> **Work instructions**
Data follows below. Repeat exactly the lines between the line holding "Enjoy a cozy" and the line holding "Обувница металлическая каркасная", inclusive, and nothing more; drop pictures.

> **Data provided**
____
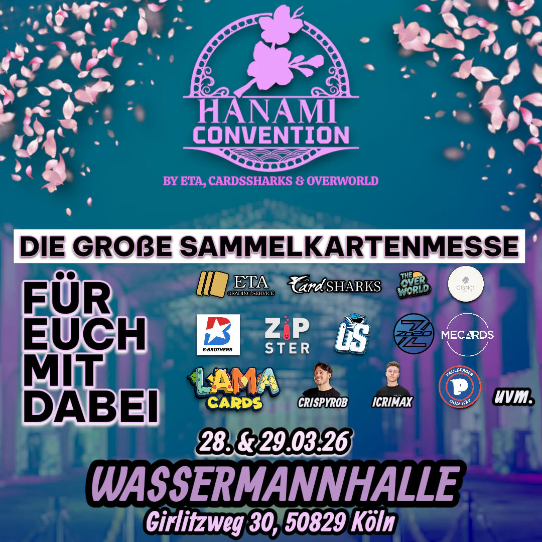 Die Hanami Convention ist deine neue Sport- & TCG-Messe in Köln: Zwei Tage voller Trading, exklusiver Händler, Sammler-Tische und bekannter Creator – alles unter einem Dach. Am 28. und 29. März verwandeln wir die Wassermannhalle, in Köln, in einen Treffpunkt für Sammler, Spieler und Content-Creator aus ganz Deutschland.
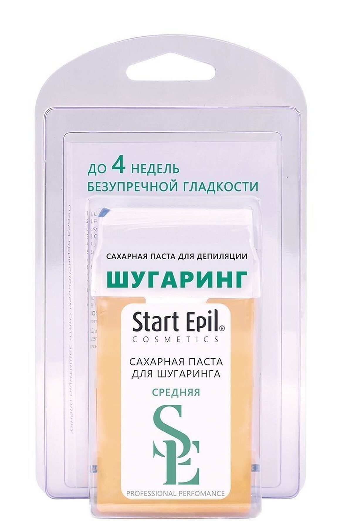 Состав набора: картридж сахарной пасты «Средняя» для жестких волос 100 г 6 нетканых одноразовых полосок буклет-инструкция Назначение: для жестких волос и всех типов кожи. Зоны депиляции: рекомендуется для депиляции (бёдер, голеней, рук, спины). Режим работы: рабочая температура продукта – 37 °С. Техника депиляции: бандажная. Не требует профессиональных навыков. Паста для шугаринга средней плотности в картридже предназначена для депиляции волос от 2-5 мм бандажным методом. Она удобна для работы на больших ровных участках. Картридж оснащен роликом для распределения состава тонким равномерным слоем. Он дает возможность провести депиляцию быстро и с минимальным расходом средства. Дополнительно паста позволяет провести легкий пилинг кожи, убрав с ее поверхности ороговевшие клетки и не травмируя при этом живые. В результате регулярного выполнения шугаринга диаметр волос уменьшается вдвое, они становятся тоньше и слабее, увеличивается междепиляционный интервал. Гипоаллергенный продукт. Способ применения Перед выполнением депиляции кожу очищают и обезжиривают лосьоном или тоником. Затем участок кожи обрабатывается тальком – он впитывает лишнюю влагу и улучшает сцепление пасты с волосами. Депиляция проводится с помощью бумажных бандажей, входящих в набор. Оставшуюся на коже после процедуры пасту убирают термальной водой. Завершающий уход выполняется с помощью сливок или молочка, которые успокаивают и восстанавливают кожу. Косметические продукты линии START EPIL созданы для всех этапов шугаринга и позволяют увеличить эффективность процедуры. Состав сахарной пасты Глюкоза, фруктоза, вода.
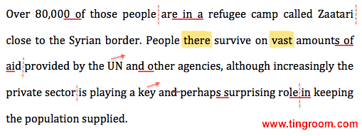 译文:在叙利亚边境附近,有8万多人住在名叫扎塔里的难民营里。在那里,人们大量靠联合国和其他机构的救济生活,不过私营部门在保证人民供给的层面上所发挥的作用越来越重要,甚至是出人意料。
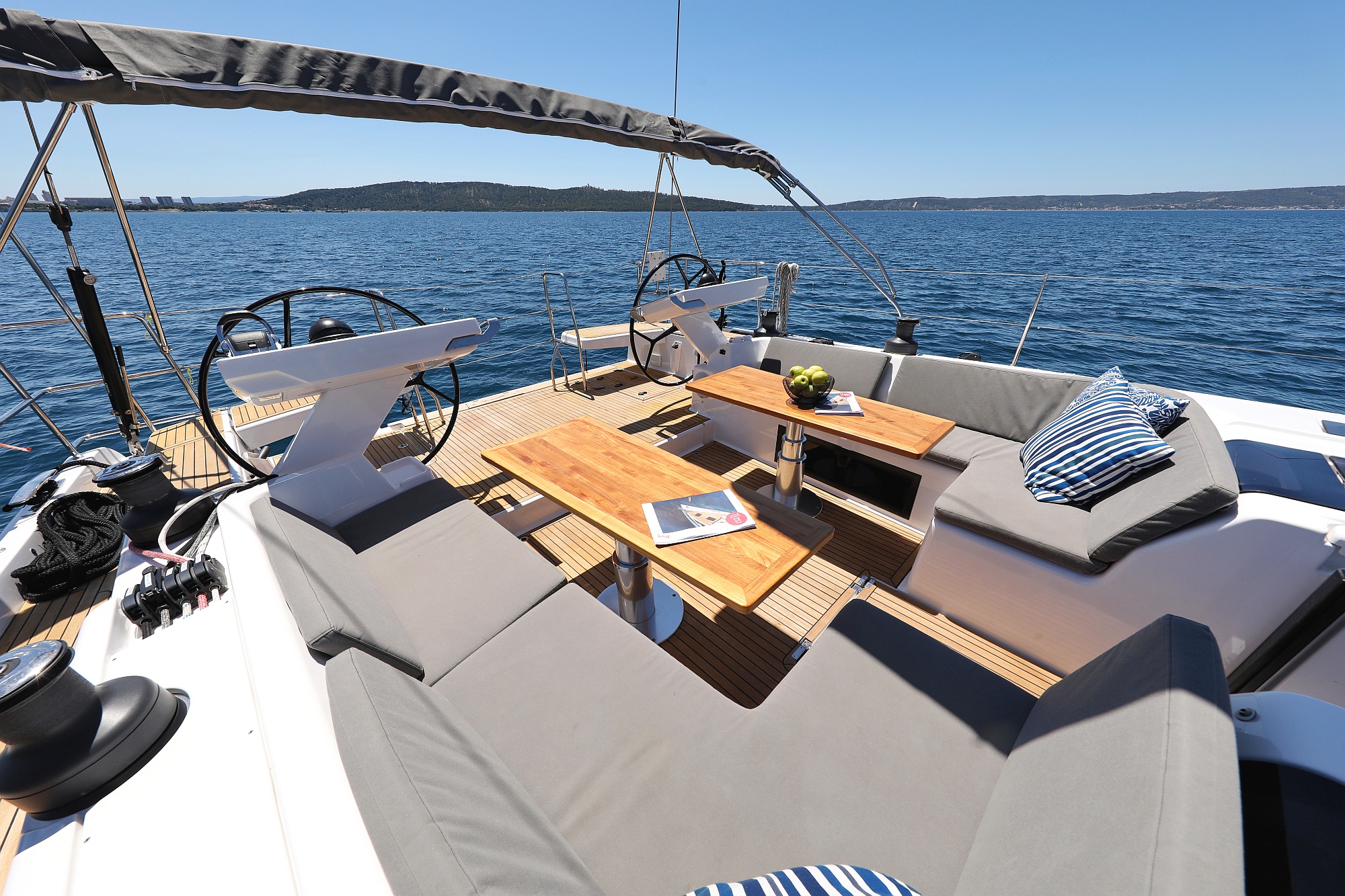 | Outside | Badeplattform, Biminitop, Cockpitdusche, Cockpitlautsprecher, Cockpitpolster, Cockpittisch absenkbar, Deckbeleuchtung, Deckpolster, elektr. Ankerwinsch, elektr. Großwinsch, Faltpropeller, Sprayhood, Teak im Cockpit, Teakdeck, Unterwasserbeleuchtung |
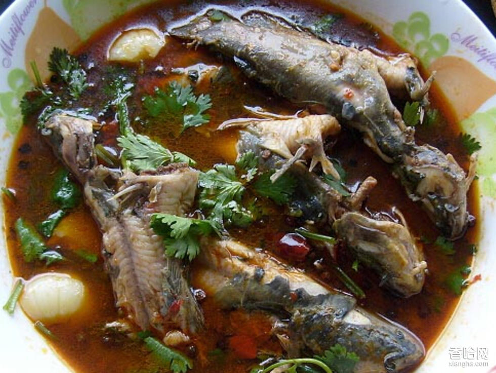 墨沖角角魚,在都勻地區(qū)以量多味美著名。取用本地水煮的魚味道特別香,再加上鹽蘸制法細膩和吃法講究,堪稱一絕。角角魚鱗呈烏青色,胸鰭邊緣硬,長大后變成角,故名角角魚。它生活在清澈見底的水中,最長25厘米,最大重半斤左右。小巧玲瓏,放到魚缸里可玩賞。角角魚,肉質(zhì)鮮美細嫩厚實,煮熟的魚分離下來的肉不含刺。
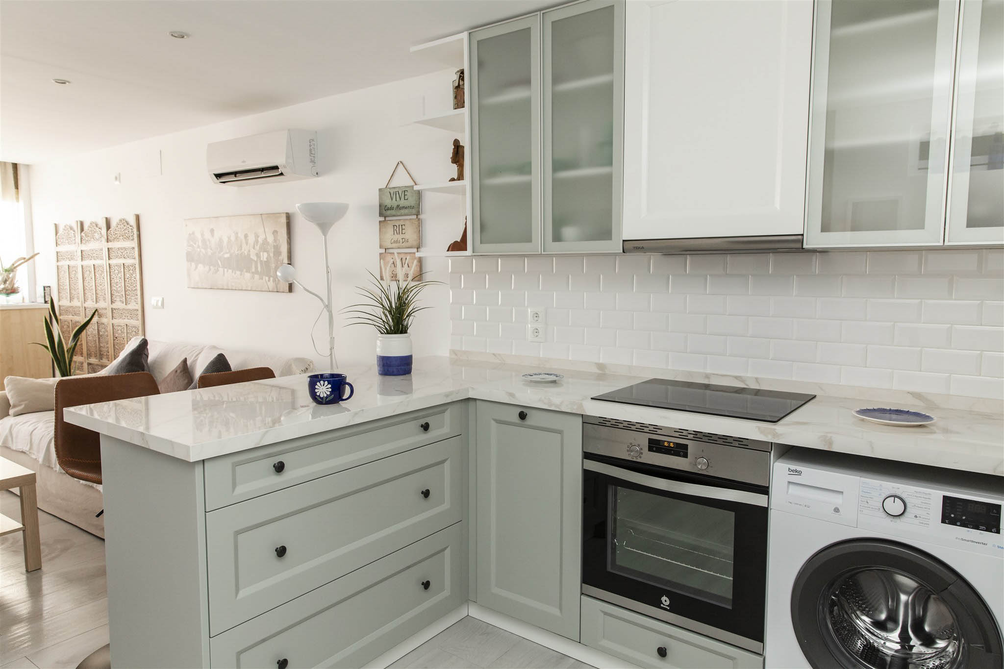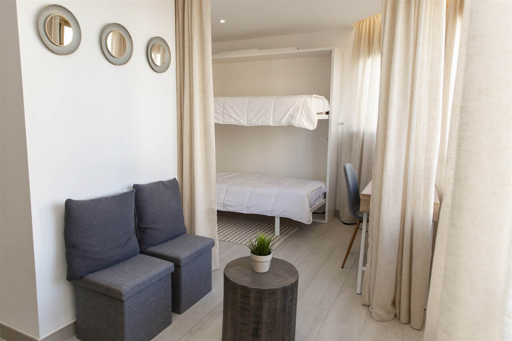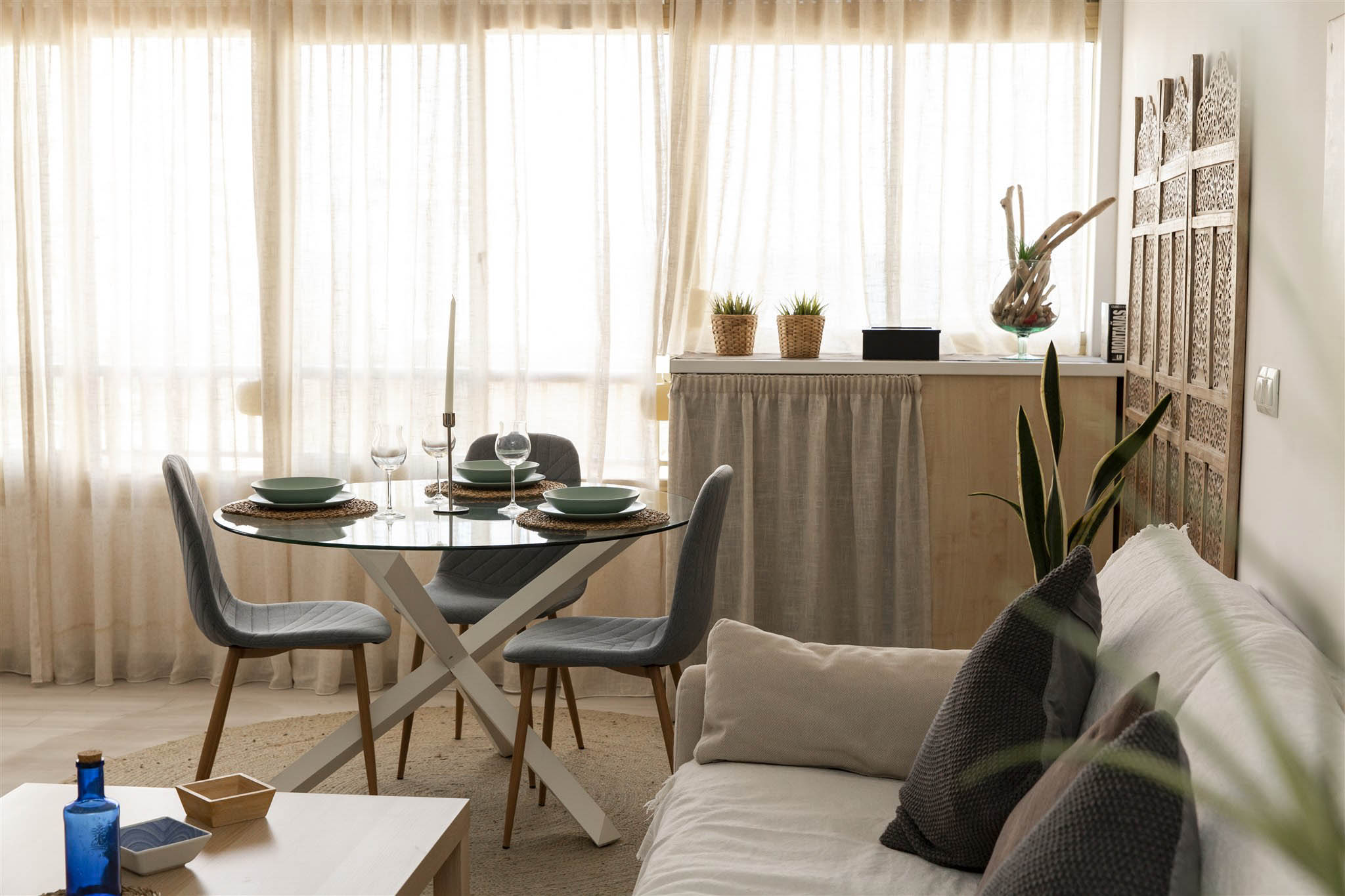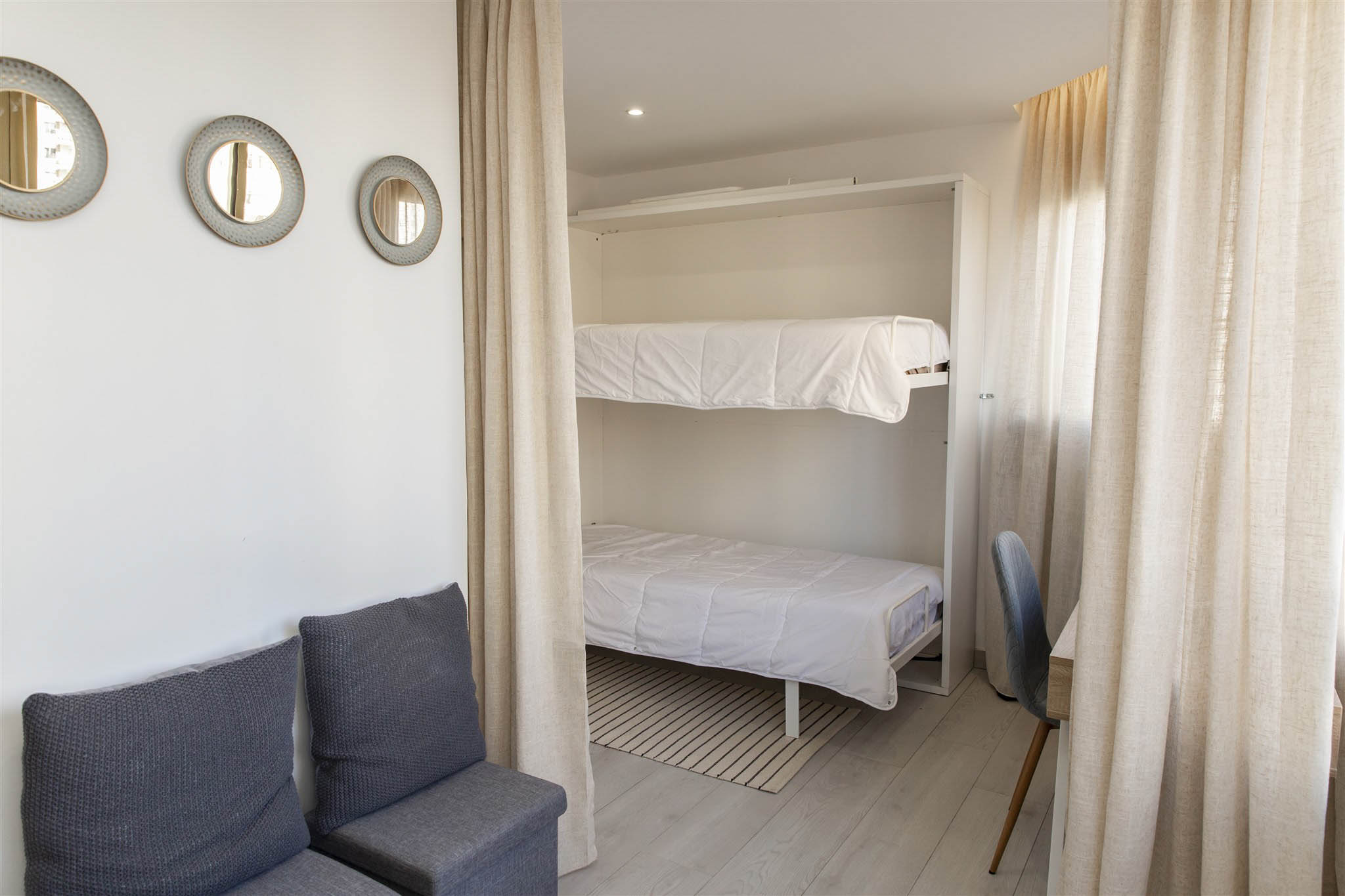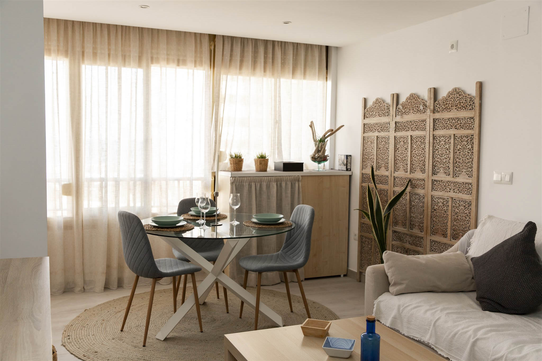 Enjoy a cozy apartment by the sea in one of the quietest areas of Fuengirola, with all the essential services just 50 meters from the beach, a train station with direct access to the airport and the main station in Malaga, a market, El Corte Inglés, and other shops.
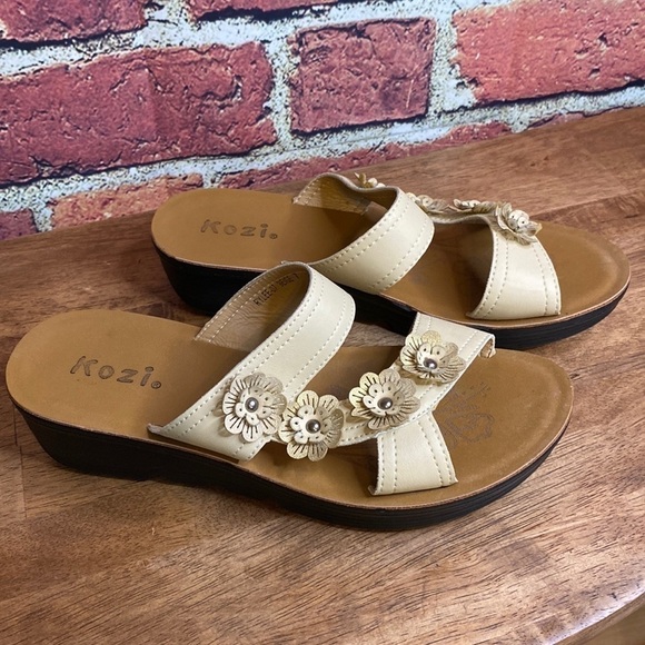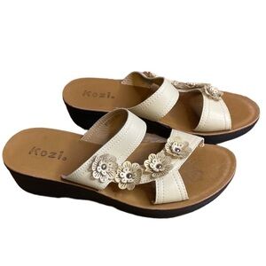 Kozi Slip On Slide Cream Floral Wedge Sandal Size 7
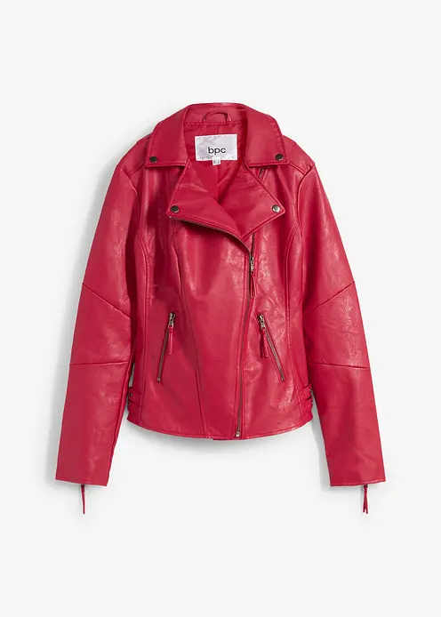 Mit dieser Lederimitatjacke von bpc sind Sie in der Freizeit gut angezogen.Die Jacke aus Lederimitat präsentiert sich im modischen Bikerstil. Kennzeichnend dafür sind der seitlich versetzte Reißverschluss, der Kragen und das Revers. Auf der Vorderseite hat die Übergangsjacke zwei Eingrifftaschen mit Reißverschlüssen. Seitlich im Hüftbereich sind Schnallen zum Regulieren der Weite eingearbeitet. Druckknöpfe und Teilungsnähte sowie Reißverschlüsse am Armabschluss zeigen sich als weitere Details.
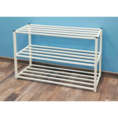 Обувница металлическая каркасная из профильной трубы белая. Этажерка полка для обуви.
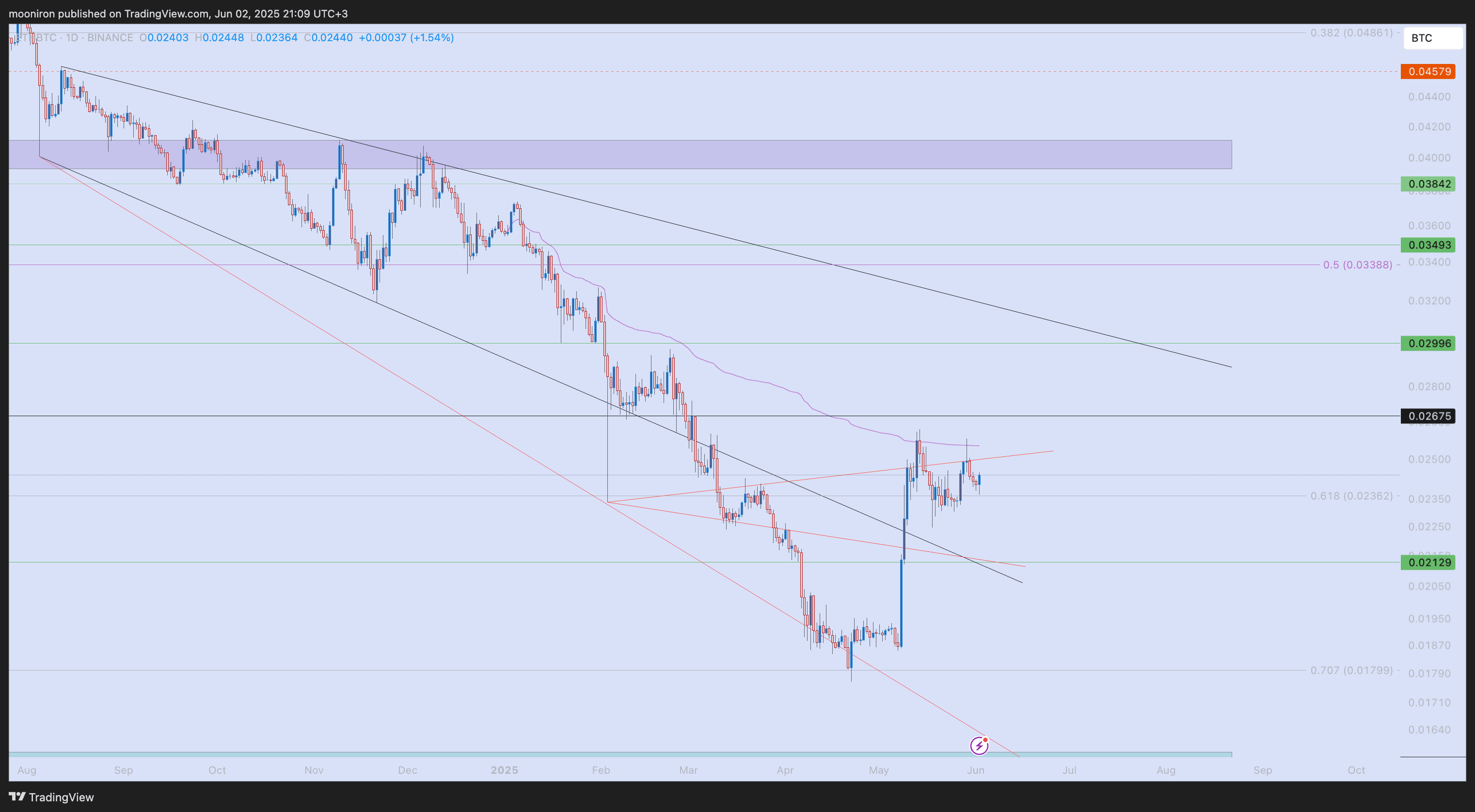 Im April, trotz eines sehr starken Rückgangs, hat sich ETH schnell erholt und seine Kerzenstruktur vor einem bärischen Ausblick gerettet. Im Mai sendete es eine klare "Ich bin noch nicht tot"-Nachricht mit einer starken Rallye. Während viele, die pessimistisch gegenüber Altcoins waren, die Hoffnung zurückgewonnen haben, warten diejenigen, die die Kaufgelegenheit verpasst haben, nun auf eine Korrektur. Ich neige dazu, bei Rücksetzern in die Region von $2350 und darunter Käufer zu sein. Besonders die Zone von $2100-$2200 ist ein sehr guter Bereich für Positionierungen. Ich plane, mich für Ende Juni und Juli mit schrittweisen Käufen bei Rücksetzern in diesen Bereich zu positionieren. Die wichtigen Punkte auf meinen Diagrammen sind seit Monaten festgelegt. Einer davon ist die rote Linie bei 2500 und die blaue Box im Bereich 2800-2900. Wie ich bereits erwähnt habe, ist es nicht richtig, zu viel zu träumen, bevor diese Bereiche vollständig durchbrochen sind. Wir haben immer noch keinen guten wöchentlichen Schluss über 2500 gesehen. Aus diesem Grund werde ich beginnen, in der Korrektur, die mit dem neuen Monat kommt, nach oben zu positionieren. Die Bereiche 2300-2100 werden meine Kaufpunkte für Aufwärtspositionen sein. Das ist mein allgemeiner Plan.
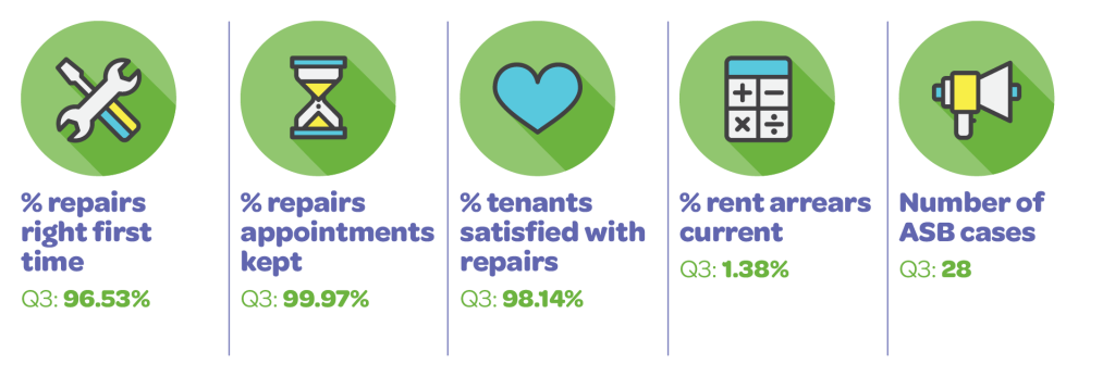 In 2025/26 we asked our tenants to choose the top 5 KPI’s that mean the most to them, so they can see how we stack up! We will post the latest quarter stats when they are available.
____
> **Solved exercise**
 Enjoy a cozy apartment by the sea in one of the quietest areas of Fuengirola, with all the essential services just 50 meters from the beach, a train station with direct access to the airport and the main station in Malaga, a market, El Corte Inglés, and other shops.
 Kozi Slip On Slide Cream Floral Wedge Sandal Size 7
 Mit dieser Lederimitatjacke von bpc sind Sie in der Freizeit gut angezogen.Die Jacke aus Lederimitat präsentiert sich im modischen Bikerstil. Kennzeichnend dafür sind der seitlich versetzte Reißverschluss, der Kragen und das Revers. Auf der Vorderseite hat die Übergangsjacke zwei Eingrifftaschen mit Reißverschlüssen. Seitlich im Hüftbereich sind Schnallen zum Regulieren der Weite eingearbeitet. Druckknöpfe und Teilungsnähte sowie Reißverschlüsse am Armabschluss zeigen sich als weitere Details.
 Обувница металлическая каркасная из профильной трубы белая. Этажерка полка для обуви.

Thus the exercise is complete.